Important to DeJonge’s account is Bonhoeffer’s insistence that the law and gospel, the orders, and the work of church and state needed to be reconnected in his time—brought back into cooperative harmony—having drifted apart into two entirely different sets of norms and values in the modern era. Drawing on Bonhoeffer’s 1932 lecture “The Nature of the Church,” DeJonge explains Bonhoeffer’s thinking about church and state as orders working together—the state to preserve external righteousness and create space for the service of Christ, which is the church’s specialized role. (45, 54). The church, for Bonhoeffer, is where Christ is truly present and where Christ is proclaimed through the preaching of the Word. Because Christ is lord over the whole world—including both church and state—and because the God’s Word (meaning both Christ’s presence and Christ preached) is of utmost importance, the church must be on guard to protect its role: “Obedience to the state exists only when the state does not threaten the word. The battle about the boundary must then be fought out!” (45). This idea is so central to DeJonge’s account of Bonhoeffer’s theology of resistance that it is worth quoting him at length here:

This remarkable understanding of the church’s proclamation is the anchor of Bonhoeffer’s resistance thinking. For him, the most powerful form of political resistance is not any action in the ordinary sense of that word, whether that action comes in the mild form of nonviolent civil disobedience or in the drastic form of violent governmental overthrow. Rather, the most powerful form of political resistance is words, although these are words in a special sense, words that are themselves, paradoxically, the most fundamental kind of action. This is, specifically, the divine word entrusted to the church. This word is the centre of Bonhoeffer’s resistance thinking and activity. When Bonhoeffer advocated or himself undertook any other form of resistance, it was in the service of this ultimate form of resistance.
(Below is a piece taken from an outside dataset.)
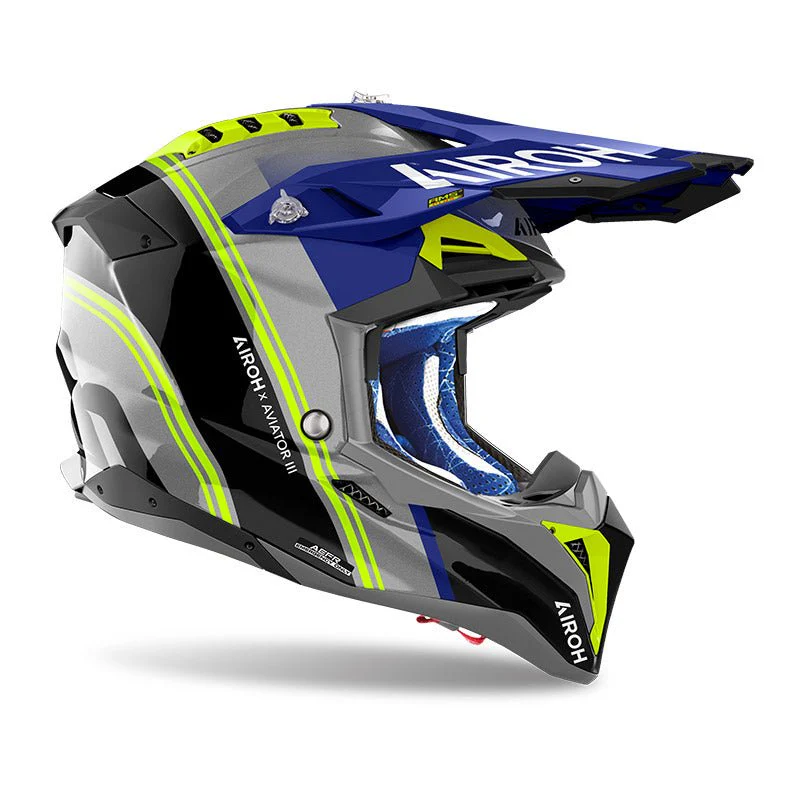 Raise the bar. Lasciarsi tutti dietro. Di nuovo. Il difficile non è vincere una volta, ma continuare a farlo. Aviator 3 alza il livello della competizione e ridefinisce gli standard di un casco offroad. La calotta, declinata nella versione Carbon 3K in esclusiva sulla grafica Primal, prevede per le altre varianti grafiche la nobile HPC Carbon. Ben 4 sono le misure della calotta esterna in entrambe le versioni, che è stata progettata avvalendosi della galleria del vento per ingegnerizzare al meglio forme e performance. Estrema attenzione è stata quindi dedicata all’aerodinamica, con l’obiettivo di rendere il casco stabile anche alle alte velocità, ed alla termodinamica, per ottimizzare la termoregolazione. La summa tecnologica di Airoh si condensa in questo nuovo prodotto, in cui sono profusi i sistemi AMS2 Plus (Airoh Multiaction Safety System Plus), AEFR (Airoh Emergency Fast Release) e AMLS (Airoh Magnetic Lining System) che si evolve, includendo anche i guanciali magnetici. Le 8 prese d’aria e gli spoiler con estrattori integrati rendono il fitting di Aviator 3 confortevole anche nelle condizioni di utilizzo più estreme, così come l’innovativo sistema idratazione AHS (Airoh Hydration System) integrato nell’EPS. Aviator 3. Senza limiti. Full Carbon 3K. HPC Carbon From 1290 g ±50 g (only for Primal graphic). From 1350 g ±50 g (other graphics) 4 shells: 1° XS-S, 2° M, 3° L, 4° XL-XXL.

Because the word is the highest form of resistance, the church is the most important agent of resistance (48).

Chapters 5 through 14 analyze Bonhoeffer’s resistance thinking in a series of key texts written between 1932 and 1943, during the time of the Nazi dictatorship and the German Church Struggle: “The Church and the Jewish Question” (1933), “What is Church?” (1933), “The Führer and the Individual in the Younger Generation” (1933), “On the Theological Foundation of the Work of the World Alliance” (1932), “False Teaching in the Confessing Church?” (1935-1936), “The Church and the Peoples of the World” (1934), Discipleship (1937), Ethics (1940-1943), “Protestantism without Reformation” (1939), “State and Church” (1940s), “’Personal’ and ‘Objective’ Ethics” (c. 1942), “State and Church” (c. 1941), “After Ten Years” (1943), “History and Good” (1940s), “The Concrete Commandment and the Divine Mandates” (1943), and “What Does It Mean to Tell the Truth?” (1943). Along the way, he identifies three phases of Bonhoeffer’s resistance activity and six forms of resistance in Bonhoeffer’s writing (9-10, 59). In the first phase, from 1932-1935, in which Bonhoeffer engaged in “resistance through the proclamation of the ecumenical church” (9), four types of resistance stand out: 1.) individual and humanitarian resistance to state injustice, 2.) the church’s diaconal service to the victims of state injustice, 3.) the church’s “indirectly political word” to the state, and 4.) the church’s “directly political word” against an unjust state (10). In the second phase, from 1935-1939, Bonhoeffer returned to Germany, entered the “second battle” of the church struggle, and engaged in a new form of resistance: 5.) resistance through discipleship in the church. Finally, in the third phase of his resistance, from 1939-1945, Bonhoeffer entered the conspiracy to overthrow Hitler, and a final type of resistance: 6.) resistance through the responsible action of the individual (9-10).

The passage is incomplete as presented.